◆ WHAT YOU NEED TO DO
The material below is to be copied exactly from the line with "Portugal 1964 BNU" up to and including the line with "美媒《Fadeaway Wo", with nothing else kept and no pictures.

◆ INPUT RECORDS

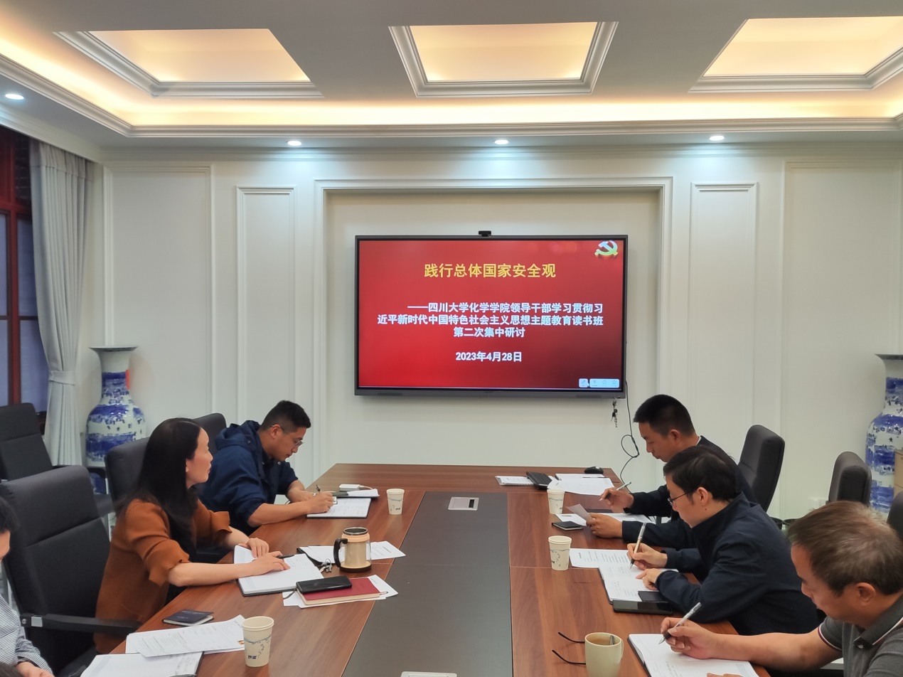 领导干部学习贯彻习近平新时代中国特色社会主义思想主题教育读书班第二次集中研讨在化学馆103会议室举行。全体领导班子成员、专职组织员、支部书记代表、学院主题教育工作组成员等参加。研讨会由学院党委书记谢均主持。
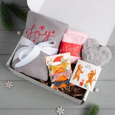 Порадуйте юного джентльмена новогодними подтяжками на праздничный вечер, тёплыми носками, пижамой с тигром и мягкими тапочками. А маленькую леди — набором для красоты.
---
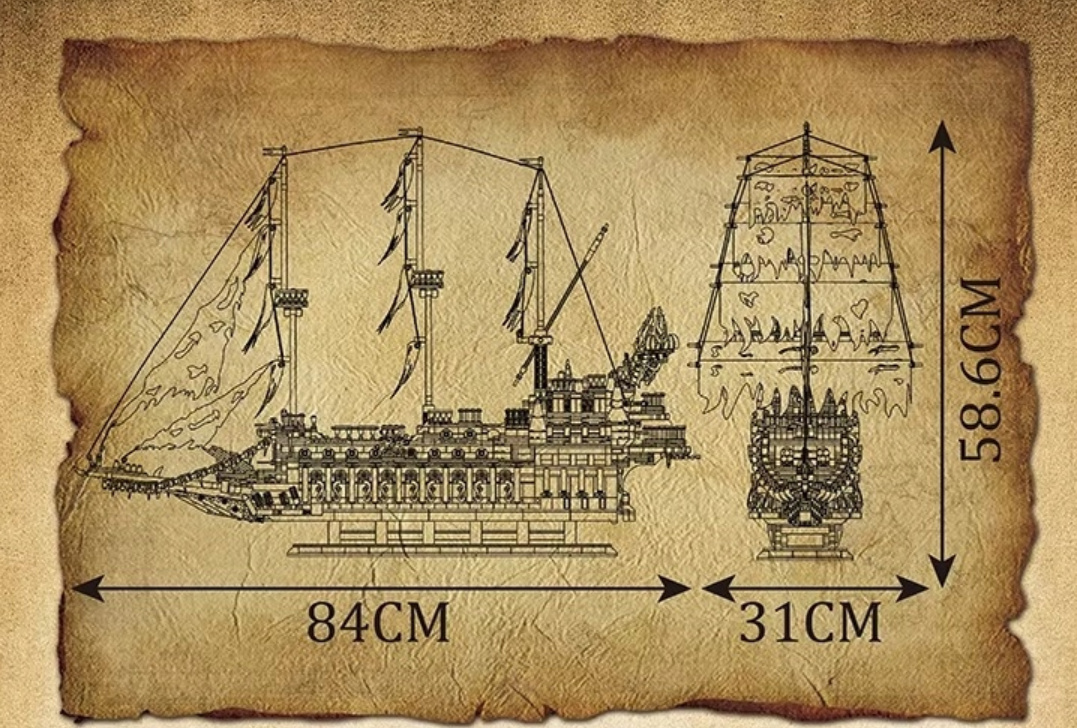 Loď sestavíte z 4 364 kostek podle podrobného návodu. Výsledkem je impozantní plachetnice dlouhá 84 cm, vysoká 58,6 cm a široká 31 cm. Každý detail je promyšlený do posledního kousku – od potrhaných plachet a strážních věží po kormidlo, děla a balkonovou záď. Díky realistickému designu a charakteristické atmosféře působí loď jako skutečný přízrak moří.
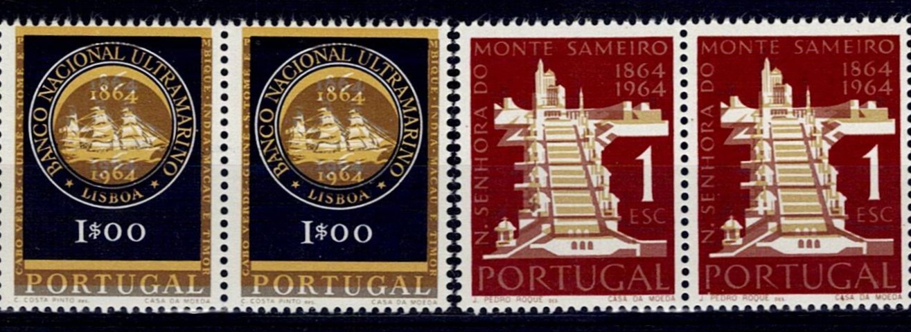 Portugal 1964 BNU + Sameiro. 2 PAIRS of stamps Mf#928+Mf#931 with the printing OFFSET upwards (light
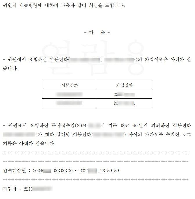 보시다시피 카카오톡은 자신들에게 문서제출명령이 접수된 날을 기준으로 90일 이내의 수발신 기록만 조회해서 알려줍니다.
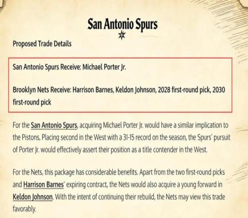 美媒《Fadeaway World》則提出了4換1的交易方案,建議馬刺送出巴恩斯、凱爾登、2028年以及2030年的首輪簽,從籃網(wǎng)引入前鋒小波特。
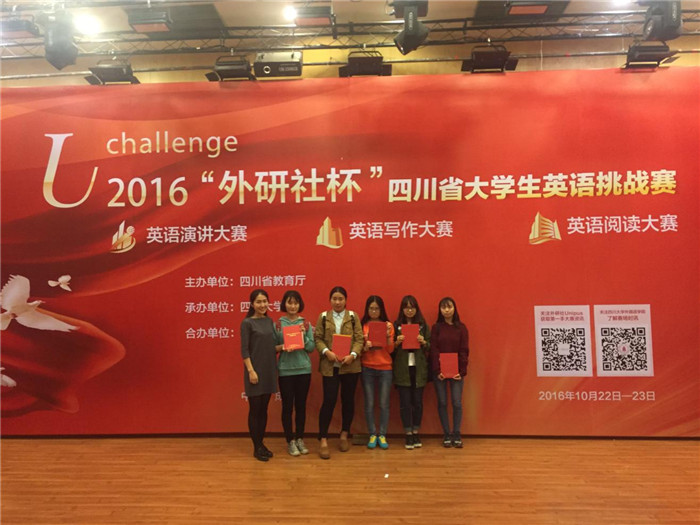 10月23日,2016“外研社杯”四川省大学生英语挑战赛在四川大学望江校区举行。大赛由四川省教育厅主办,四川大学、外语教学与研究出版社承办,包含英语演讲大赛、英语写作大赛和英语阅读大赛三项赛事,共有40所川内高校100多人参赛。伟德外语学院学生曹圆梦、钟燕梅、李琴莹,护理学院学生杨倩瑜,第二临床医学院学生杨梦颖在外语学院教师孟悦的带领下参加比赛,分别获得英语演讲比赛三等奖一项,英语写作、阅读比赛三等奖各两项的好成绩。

◆ ANSWER SECTION
 Portugal 1964 BNU + Sameiro. 2 PAIRS of stamps Mf#928+Mf#931 with the printing OFFSET upwards (light
 보시다시피 카카오톡은 자신들에게 문서제출명령이 접수된 날을 기준으로 90일 이내의 수발신 기록만 조회해서 알려줍니다.
 美媒《Fadeaway World》則提出了4換1的交易方案,建議馬刺送出巴恩斯、凱爾登、2028年以及2030年的首輪簽,從籃網(wǎng)引入前鋒小波特。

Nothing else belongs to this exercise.